Let’s take this step by step. In assembly language the naive way to include a message like this would be to just include the string, like so:
dc.b "Dave StaUgas loves Bea Hablig"
And just be done with it. But again, this is easily found out by others at any point. A second thing to try would be a bit more sneaky:
dc.b $44, $61, $76, $65, $20, $53, $74, $61, $55, $67, $61, $73, $20, $6C, $6F, $76, $65, $73, $20, $42, $65, $61, $20, $48, $61, $62, $6C, $69, $67, $20
So pretty much just grab the hex values of the message and include those. But, again, this is too easy - especially for people in the 80s who used to be much more hardware about code, this would very easily be discovered by others as being ASCII characters, and be discarded.
This is what Dave did (note: this is wild speculation on my side, but I’m confident that this is pretty much what happened). Firstly, he found a really big file that had gnarly code and probably nobody wanted to touch it in fear of breaking something. The file in question is resposible for printing text in GEM - and if you’ve seen the capabilities of GEM text printing, you can imagine the complexity. I’ll just say that the file is about 2500 lines, which was gigantic for the machines of the time.
He then jumped around the middle of the file and found a good spot for the code: some tables are there:
wrmappin: dc.b op0,op0,op3,op3 ; replace mode
dc.b op4,op4,op7,op7 ; transparent mode
dc.b op6,op6,op6,op6 ; XOR mode
dc.b op1,op1,o_D,o_D ; inverse transparent mode
(although to be honest, any place in that file would do)
Finally, he typed in an innocent piece of code:
blt_adj: move.l -(a0),d0
neg.w -(a1)
moveq.l #$65,d3
movea.l (a3),a0
moveq.l #$61,d2
subq.w #2,-(a7)
bsr blt_adj+$81
movea.l $6F76(a4),a0
bcs blt_adj+$87
movea.l d2,a0
bcs blt_adj+$79
movea.l a0,a0
bsr blt_adj+$7E
bge blt_adj+$87
beq blt_adj+$40
rts
On the surface, this code looks legit: it has an entry point and a seemingly reasonable name “blt_adj”. “Oh, it probably adjusts the blit, no probs”. And he also returns from that subroutine with that rts in there. It looks the part.

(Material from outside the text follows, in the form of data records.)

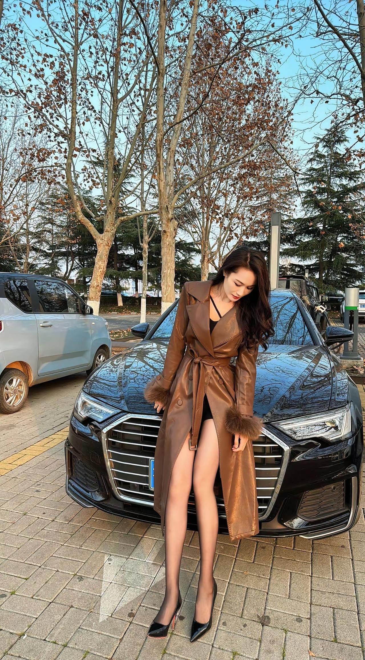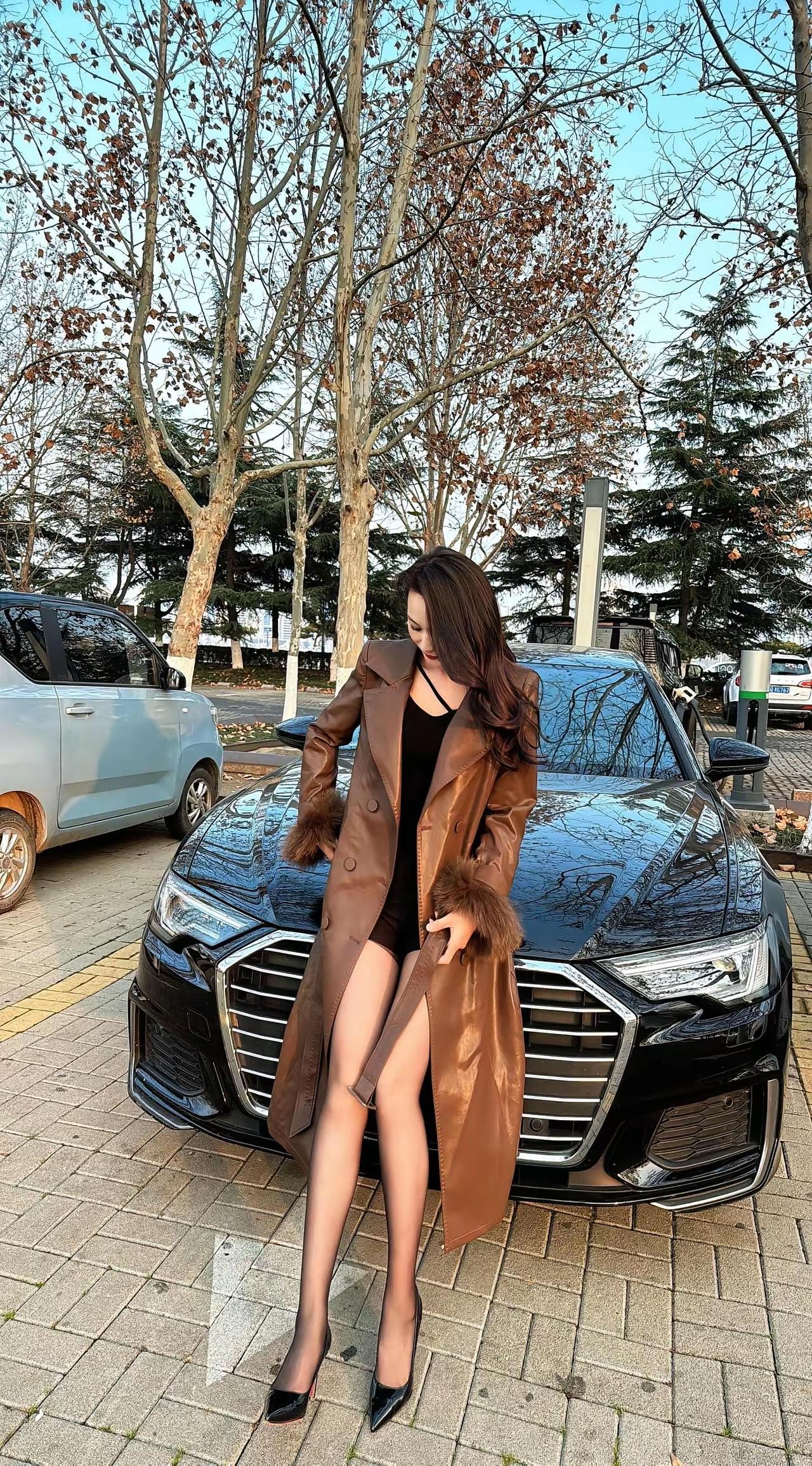 美女往这车前一站,就立马显出了美姿感来了。再加上这气候树木的点缀,拍照都变得很出片了。
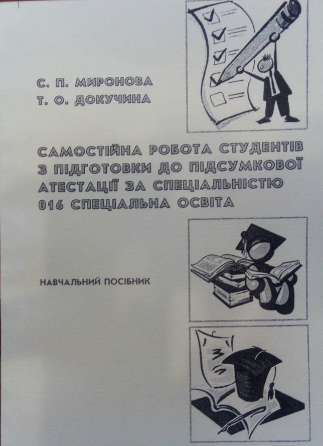 Вийшов друком навчальний посібник Миронової С.П., Докучиної Т.О. «Самостійна робота студентів з підготовки до підсумкової атестації за спеціальністю 016 Спеціальна освіта». У навчальному посібнику вміщено методичні рекомендації з підготовки бакалаврів спеціальності 016 Спеціальна освіта до підсумкової атестації.
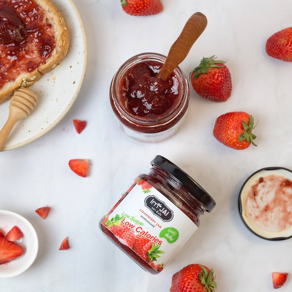 [ซื้อ 1 แถม 1] แยมสตอเบอรี่ Low Sugar 200g. น้ำตาลน้อย ตราอิ่มใจ เพื่อสุขภาพ วีแกน เจ โซเดียมต่ำ
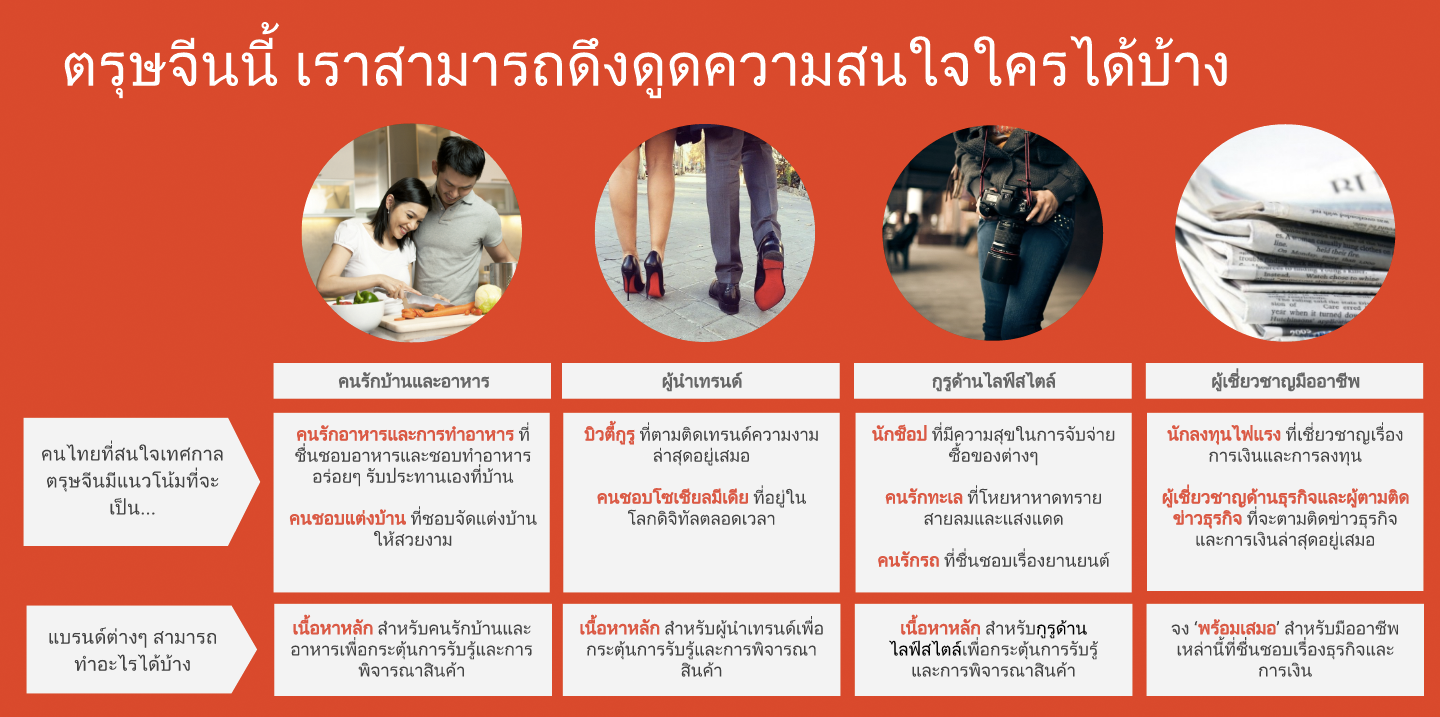 เทศกาลตรุษจีนคือช่วงเวลาสำคัญที่แสดงให้เห็นความหลากหลายของผู้บริโภคบน YouTube เริ่มจากคนรักบ้านและอาหาร จนถึงผู้นำเทรนด์ต่างๆ รวมทั้งกูรูด้านไลฟ์สไตล์และผู้เชี่ยวชาญมืออาชีพ แบรนด์ต่างมองหาแนวทางการสร้างสรรค์แคมเปญการตลาดที่มีความสดใหม่ในปี 2560 เพื่อ
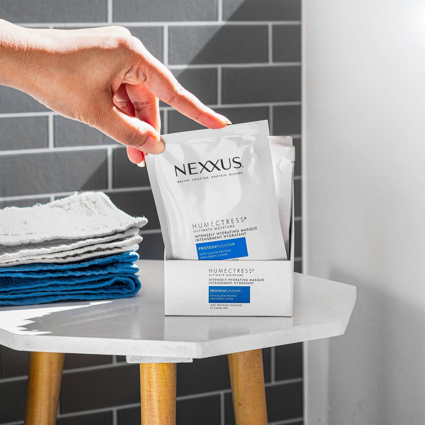 At Nexxus, we believe style is about looking understated yet covetable. It's having hair with natural movement that withstands an on-the-go lifestyle. Born in salons and perfected by science, each Nexxus product is infused with high performing technologies and precious ingredients. Dry hair remedies dragging you down? Rebalance with Nexxus Humectress Hair Masque for dry hair. Rich in glycerine, this moisturizing hair mask deeply rehydrates by binding moisture within your hair. The intense hydration of this conditioning hair mask rescues heat- and chemically-damaged hair strands using advanced conditioning technology. This is deposited in the weakest places on the hair fiber, strengthening and improving natural hair movement. Hair is left healthy and weightless inside and out. Nexxus recommends: Dry hair will respond to the intensive moisture of this Nexxus Humectress deep conditioning hair treatment. To achieve natural movement and brilliant shine, use this hair mask as part of your regular hair cleansing routine with other products from the Ultimate Moisture Collection. Step 1: Wash your hair with Nexxus Therappe Shampoo. Step 2: Smooth Nexxus Humectress Hair Masque into wet hair from mid-lengths to the ends, comb through, and leave for 3-5 minutes before rinsing thoroughly. For a less intense treatment, you can use Nexxus Humectress Conditioner instead of the Masque. Step 3: Finish with Nexxus Humectress Luxe Lightweight Conditioning Mist to lock in moisture.
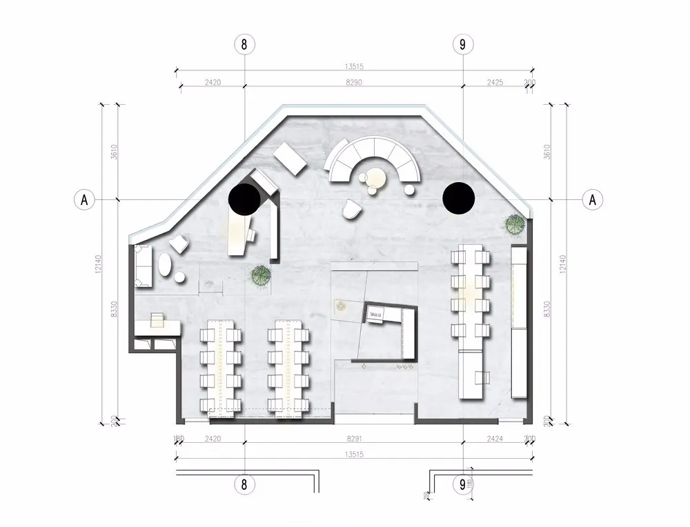 前台是一直延伸至餐桌的大体块,中间的隔板将两个区域巧妙划分,将空间的完整性、功能性发挥到极致。台面上配以充满趣味性的艺术品,理性与感性在此展现,让办公空间有序又不单调。
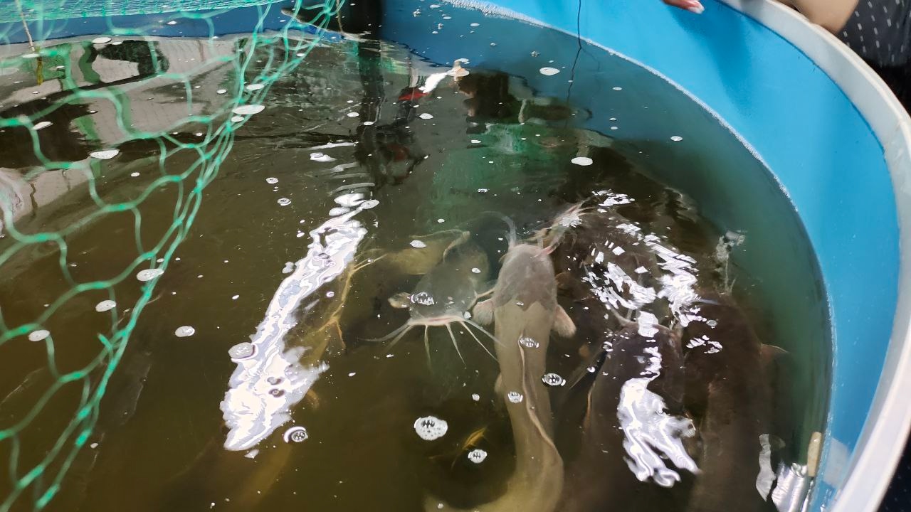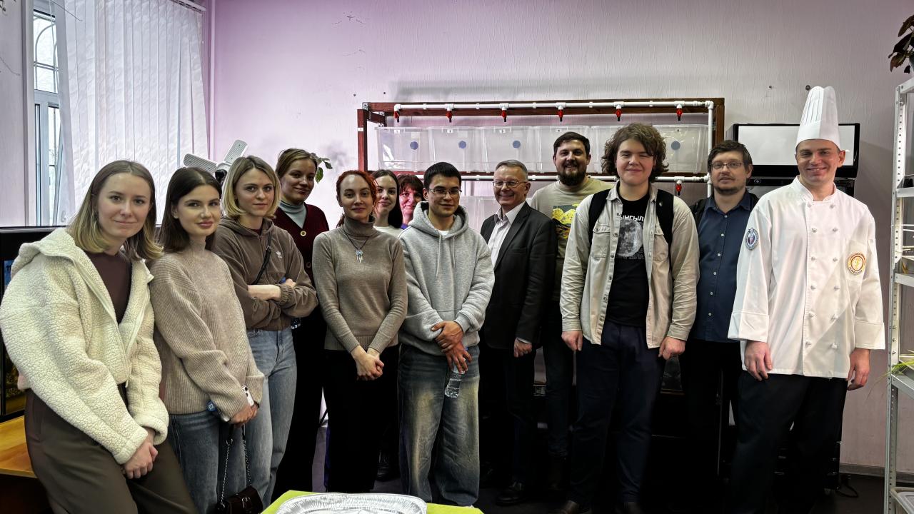 Пётр Кравец рассказал об особенностях выращивания, поведения и содержания данных видов. Студенты смогли поучаствовать в процессе кормления: сомы получили специальный сбалансированный корм, а раки — деликатес в виде размороженных креветок. Константин Говзбит предложил попробовать продукцию из выращенного в аквакомплексе МАУ сырья: уху и сочные гамбургеры из мяса клариевого сома, а также морскую соль собственного приготовления.

But the code is complete garbage. If called it will very likely crash. But let’s assemble it and observe the output:
1148 000006F8 2020 blt_adj: move.l -(a0),d0
1149 000006FA 4461 neg.w -(a1)
1150 000006FC 7665 moveq.l #$65,d3
1151 000006FE 2053 movea.l (a3),a0
1152 00000700 7461 moveq.l #$61,d2
1153 00000702 5567 subq.w #2,-(a7)
1154 00000704 6173 bsr blt_adj+$81
1155 00000708 206C6F76 movea.l $6F76(a4),a0
1156 0000070C 65000073 bcs blt_adj+$87
1157 00000710 2042 movea.l d2,a0
1158 00000712 6561 bcs blt_adj+$79
1159 00000716 2048 movea.l a0,a0
1160 00000718 6162 bsr blt_adj+$7E
1161 0000071C 6C69 bge blt_adj+$87
1162 00000720 6720 beq blt_adj+$40
1163 00000724 4E75 rts
Now, let’s see the hex codes from the TOS ROM again:
$20, $20, 44, $61, $76, $65, $20, $53, $74, $61, $55, $67, $61, $73, $20, $6C, $6F, $76, $65, $73, $20, $42, $65, $61, $20, $48, $61, $62, $6C, $69, $67, $20
Looks familiar? That’s because they are the exact same bytes. So what our friend Dave did there was to find valid instructions from the 68000 processor that, when assembled, produce the ASCII charactres he wanted to encode. Of course, being a mere human, he couldn’t get it 100%, so his surname is spelled “StaUgas” with a capital “U”. He got the rest spot on though.
Another thing worth mentioning here. In hindsight one could very easily detect this snippet of code because it has no comments. The rest of the 2500 lines of code are very meticulously commented, because as I said the file contains very gnarly code, and it must have helped a lot if someone wanted to pick up and work on it in case something needed debugging. Under this lens, the above piece of code sticks out like fly in milk.
However, this has either never been discovered, or it has and people went “Great stuff, Dave” and let it be. Heck, I’d certainly do that too. Bea, I hope you stayed with him, just look what he did for you!
I’ll end with the same comment I wrote at the beginning: People who worked on TOS are very clever.